Everyone is so sure that Jackson is the savior here, but they forget how uninspired he had seemed in that final season. They forget that too much of the Lakers' staff had become lethargic, that the arrival of Brown had been uncomfortable for so many so used to leaving early every day. Yet this is a results business, and no one cares how many hours that Brown invested into the job, or how late he made his assistants stay.


This is about public relations now, about feeding that Staples Center and Hollywood monster, and Buss needs a coach with a pedigree. The greatest coach of all, Phil Jackson, could be waiting to come cash Buss' checks again, and motivated and inspired, his hiring would be a bargain at any price. He still needs to decide that he wants to coach again, that he wants the Lakers, but he's forever a sucker for the drama, for riding back to save the franchise. Two years ago, he couldn't wait to get out of the Lakers, get out of the NBA, and you wonder what's changed except for boredom and that lust for the next big score, that next big Hollywood ending.
"We want Phil," the Lakers fans chanted on Friday night in the Staples Center. "We want Phil."
Jerry Buss' plan is to give the people what they want: the great Phil Jackson. They remember the five titles with the Lakers, but everyone wants to forget the end, the way that Jackson dragged himself, dragged a team, to the finish line.
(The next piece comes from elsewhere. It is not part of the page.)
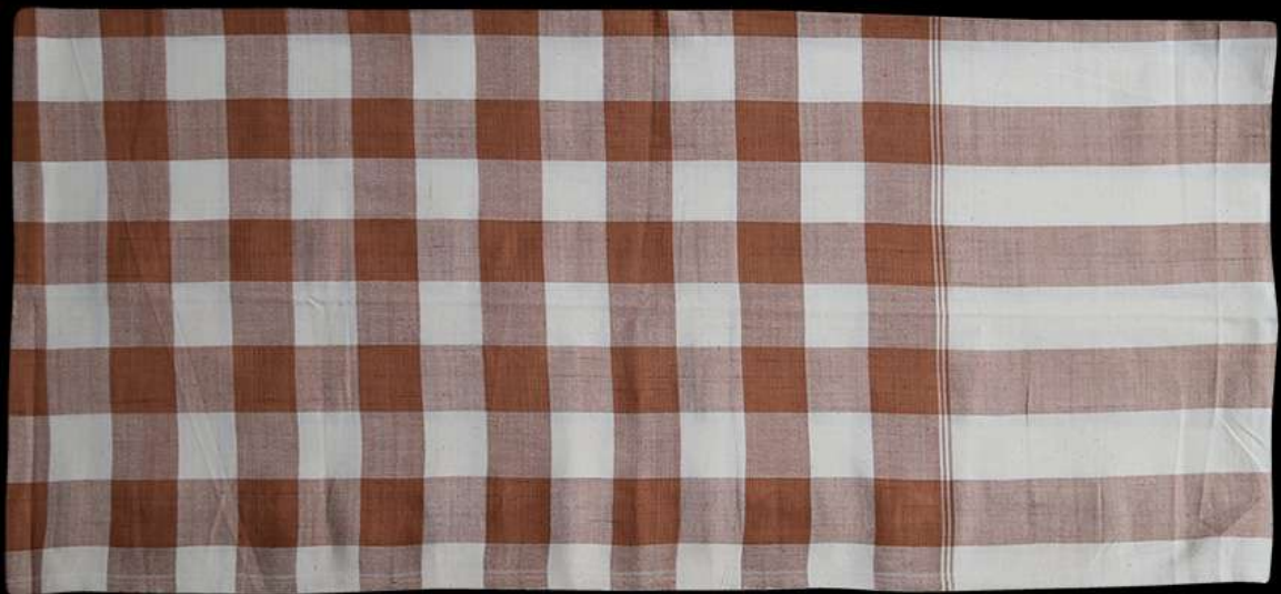
ผ้าฝ้ายย้อมสีธรรมชาติ

This job is a grind, and those cheers fade fast. There are no Hollywood endings in the NBA – just old guys staying too long, coming back for all the wrong reasons.
Phil Jackson needs to think long and hard, because this job demands something out of a man that maybe's no longer inside of him. Remember the way it ended two year ago, remember the way that Jackson, that the organization, that too many of the players no longer drove themselves. Remember, Phil Jackson knew it was time to go.